> YOUR INSTRUCTIONS: Please keep pictures out and return the lines below exactly, from the one holding "Ensemble complet de" through the last, both included.

> AVAILABLE DATA:
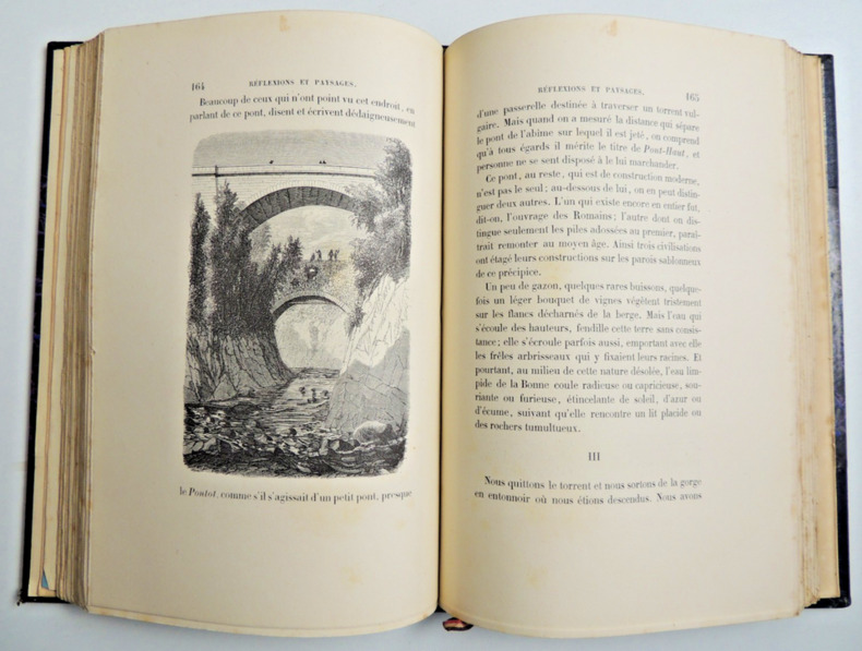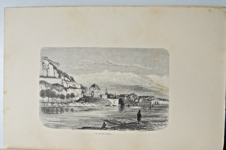 Édition illustrée, gravée par E.Dardelet Un itinéraire à la fois historique (histoire du Dauphiné), géographique (présentation de l'Isère), philosophique (impressions, réflexions et paysages) et spirituel (pèlerinage et miracle de La Salette-Fallavaux) à travers plusieurs communes de l'Isère : Grenoble, Vizille, Laffrey, La Mure, Corps, La Salette-Fallavaux. La Salette est un petit village situé dans les Alpes françaises, célèbre pour son sanctuaire marial, Notre-Dame de La Salette. Grenoble, quant à elle, est une ville importante dans la région Auvergne-Rhône-Alpes, également située dans les Alpes. vol in4, 240x160, superbe reliure demi cuir à coins, dos à nerfs, bien frais,tranche tête dorée à l'or fin, coins frottés, 319pp. Reliure signée L.Quetan, ex libris. Couverture d'origine conservée contrecollée. Rare. Baratier frères et fils collection , 1863
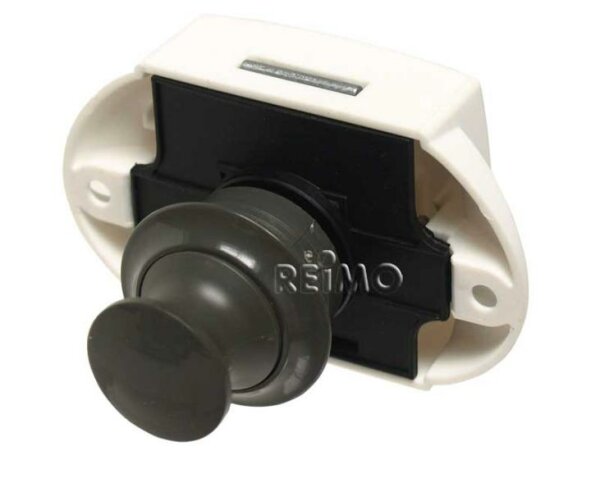 Ensemble complet de serrures de meubles Push Lock, y compris gâche. Commande à une main pour portes d'armoires et tiroirs. Petites, rondes et sans parties saillantes. Pour épaisseurs de panneaux jusqu'à 15 mm. Lorsque le bouton est enfoncé, il ressort et sert de poignée. Couleur : Gris
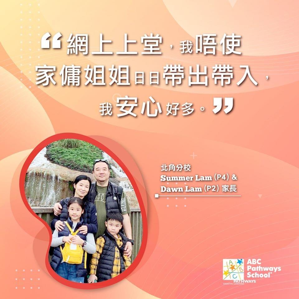「生活繁忙,我未必能日日帶仔女返放學,決定參加ABC網上課堂。在家上堂,我較安心,避免要家傭姐姐帶著小朋友出出入入。」

> ANSWER SECTION:
 Ensemble complet de serrures de meubles Push Lock, y compris gâche. Commande à une main pour portes d'armoires et tiroirs. Petites, rondes et sans parties saillantes. Pour épaisseurs de panneaux jusqu'à 15 mm. Lorsque le bouton est enfoncé, il ressort et sert de poignée. Couleur : Gris
「生活繁忙,我未必能日日帶仔女返放學,決定參加ABC網上課堂。在家上堂,我較安心,避免要家傭姐姐帶著小朋友出出入入。」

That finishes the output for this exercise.